(Beginning of Exercise material)

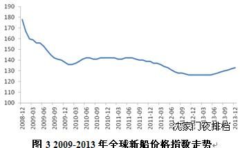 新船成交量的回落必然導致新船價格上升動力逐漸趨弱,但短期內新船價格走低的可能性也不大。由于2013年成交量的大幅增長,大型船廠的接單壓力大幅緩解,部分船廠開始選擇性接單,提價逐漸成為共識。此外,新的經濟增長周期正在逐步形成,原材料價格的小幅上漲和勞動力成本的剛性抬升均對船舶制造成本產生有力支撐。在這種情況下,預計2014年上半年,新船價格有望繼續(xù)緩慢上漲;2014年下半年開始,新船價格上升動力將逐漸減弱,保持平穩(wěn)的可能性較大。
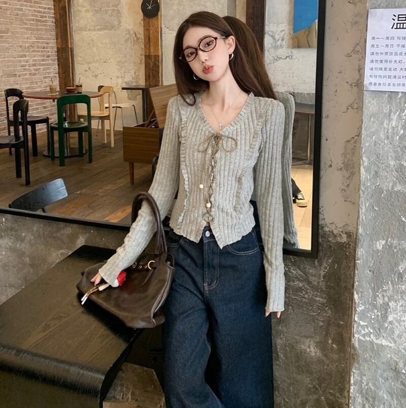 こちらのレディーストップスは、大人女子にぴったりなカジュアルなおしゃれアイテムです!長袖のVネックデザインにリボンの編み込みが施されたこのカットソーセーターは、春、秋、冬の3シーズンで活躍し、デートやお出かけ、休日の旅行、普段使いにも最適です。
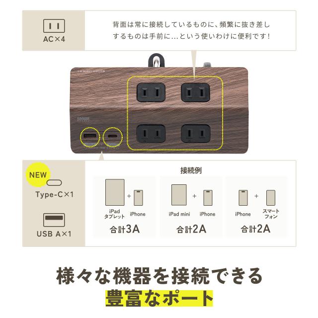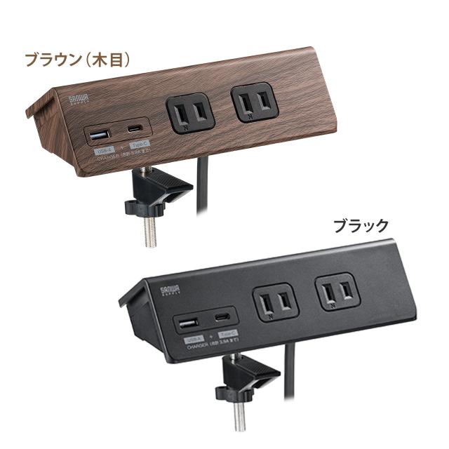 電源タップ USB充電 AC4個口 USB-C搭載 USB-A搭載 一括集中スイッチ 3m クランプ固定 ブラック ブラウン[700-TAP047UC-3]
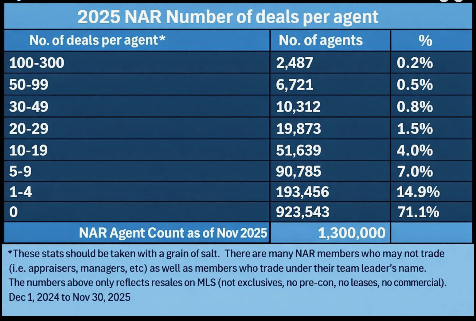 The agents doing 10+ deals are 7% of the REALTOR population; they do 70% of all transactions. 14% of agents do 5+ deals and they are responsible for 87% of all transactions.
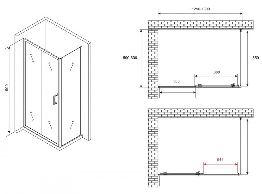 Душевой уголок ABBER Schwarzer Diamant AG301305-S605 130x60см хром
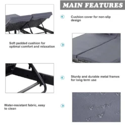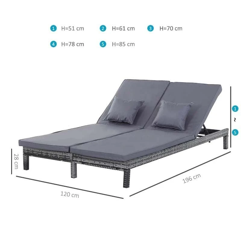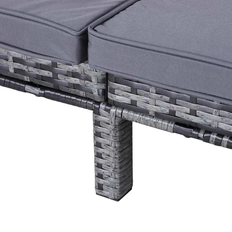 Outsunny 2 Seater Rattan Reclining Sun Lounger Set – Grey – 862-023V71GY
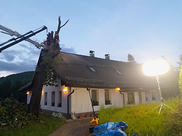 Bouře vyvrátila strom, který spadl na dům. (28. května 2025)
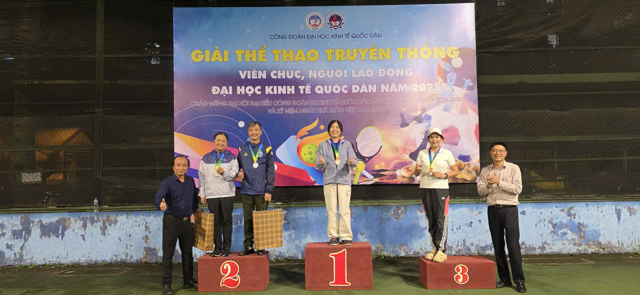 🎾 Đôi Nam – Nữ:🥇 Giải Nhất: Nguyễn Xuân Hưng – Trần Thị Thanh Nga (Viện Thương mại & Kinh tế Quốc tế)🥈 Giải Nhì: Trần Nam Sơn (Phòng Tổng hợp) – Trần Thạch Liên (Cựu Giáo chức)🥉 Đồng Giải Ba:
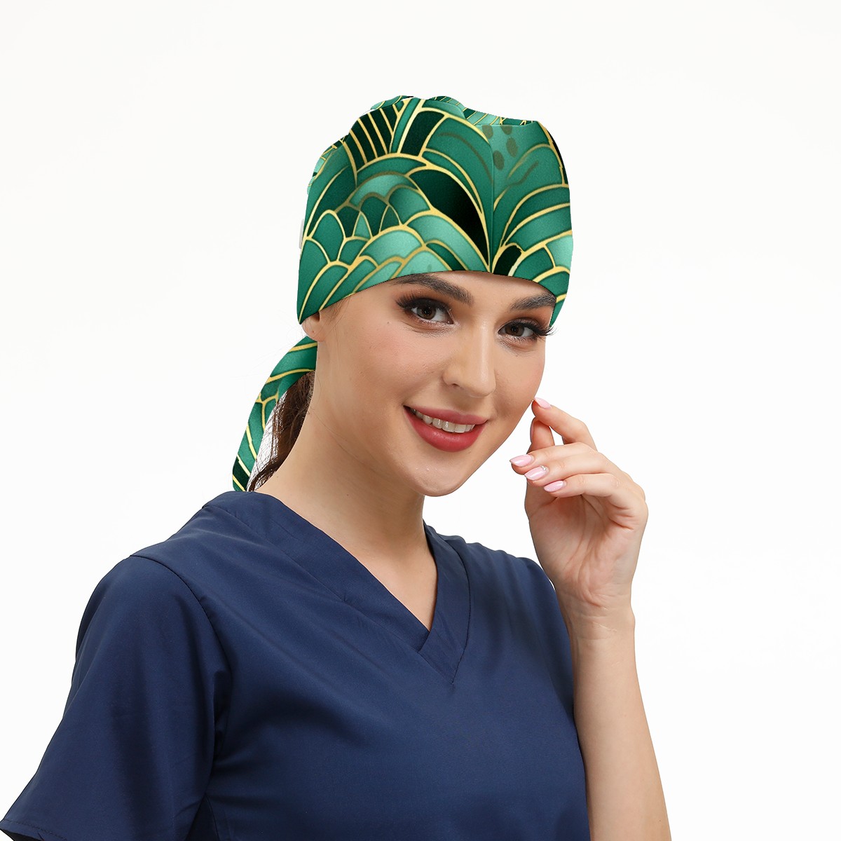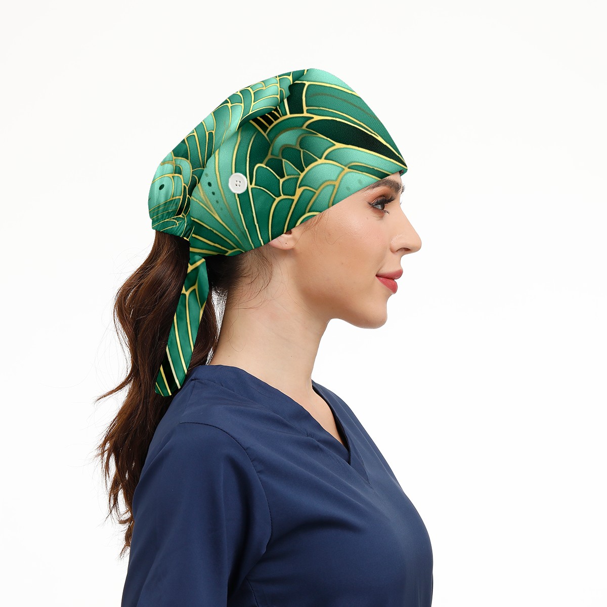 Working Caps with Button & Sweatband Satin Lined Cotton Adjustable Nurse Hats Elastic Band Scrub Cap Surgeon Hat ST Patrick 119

(End of Exercise material)
(Beginning of Exercise material)

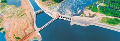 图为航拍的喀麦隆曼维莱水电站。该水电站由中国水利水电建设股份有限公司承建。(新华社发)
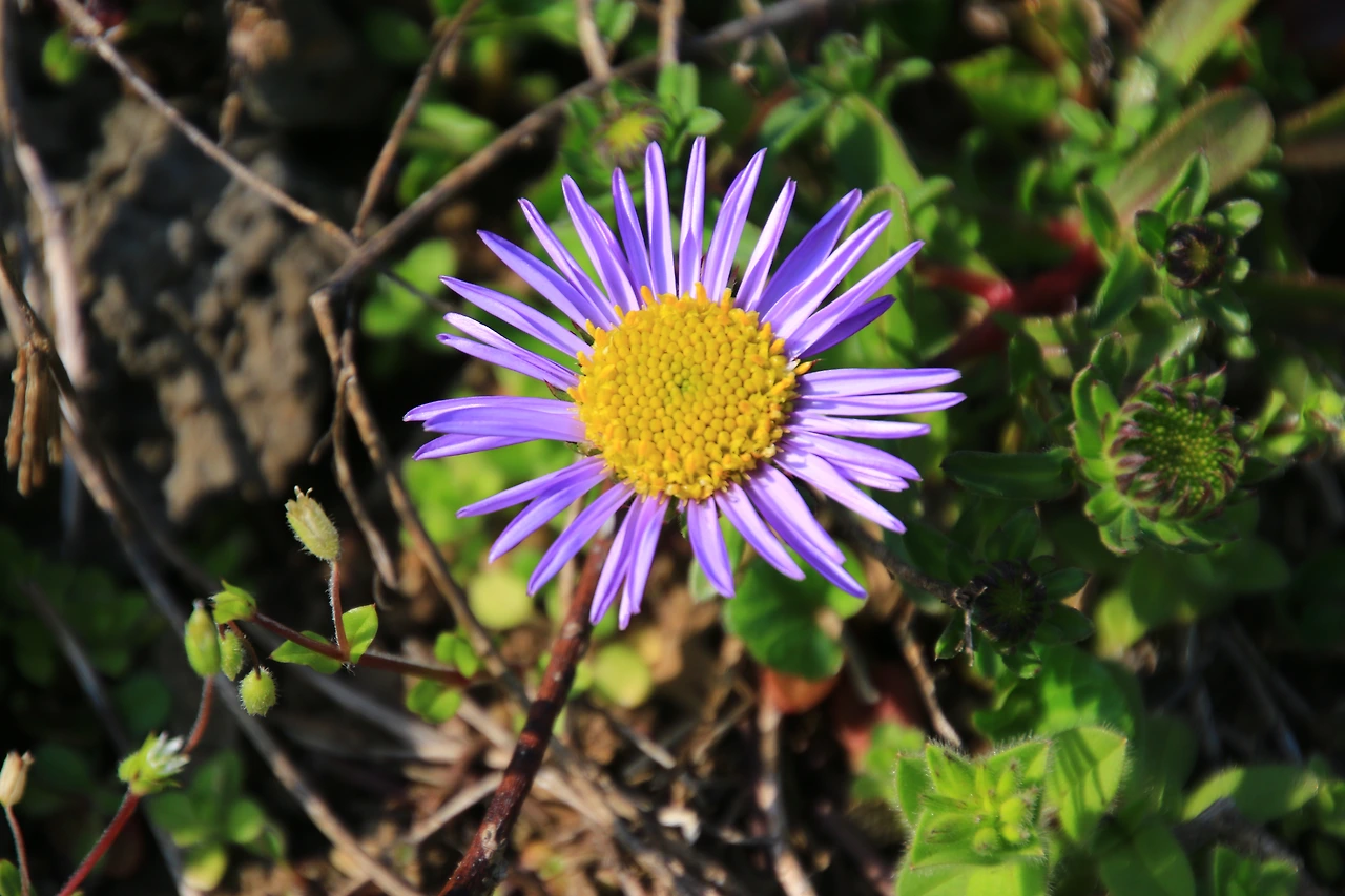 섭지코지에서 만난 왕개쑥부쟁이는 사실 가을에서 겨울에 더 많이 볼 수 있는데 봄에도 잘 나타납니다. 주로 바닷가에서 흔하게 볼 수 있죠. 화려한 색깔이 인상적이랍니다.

(End of Exercise material)

| Exercise description |
In the material above, one part opens with the line containing "新船成交量的回落必然導致新船" and closes with the line containing "こちらのレディーストップスは". Write out that part exactly and skip its pictures.

| Your response |
 新船成交量的回落必然導致新船價格上升動力逐漸趨弱,但短期內新船價格走低的可能性也不大。由于2013年成交量的大幅增長,大型船廠的接單壓力大幅緩解,部分船廠開始選擇性接單,提價逐漸成為共識。此外,新的經濟增長周期正在逐步形成,原材料價格的小幅上漲和勞動力成本的剛性抬升均對船舶制造成本產生有力支撐。在這種情況下,預計2014年上半年,新船價格有望繼續(xù)緩慢上漲;2014年下半年開始,新船價格上升動力將逐漸減弱,保持平穩(wěn)的可能性較大。
 こちらのレディーストップスは、大人女子にぴったりなカジュアルなおしゃれアイテムです!長袖のVネックデザインにリボンの編み込みが施されたこのカットソーセーターは、春、秋、冬の3シーズンで活躍し、デートやお出かけ、休日の旅行、普段使いにも最適です。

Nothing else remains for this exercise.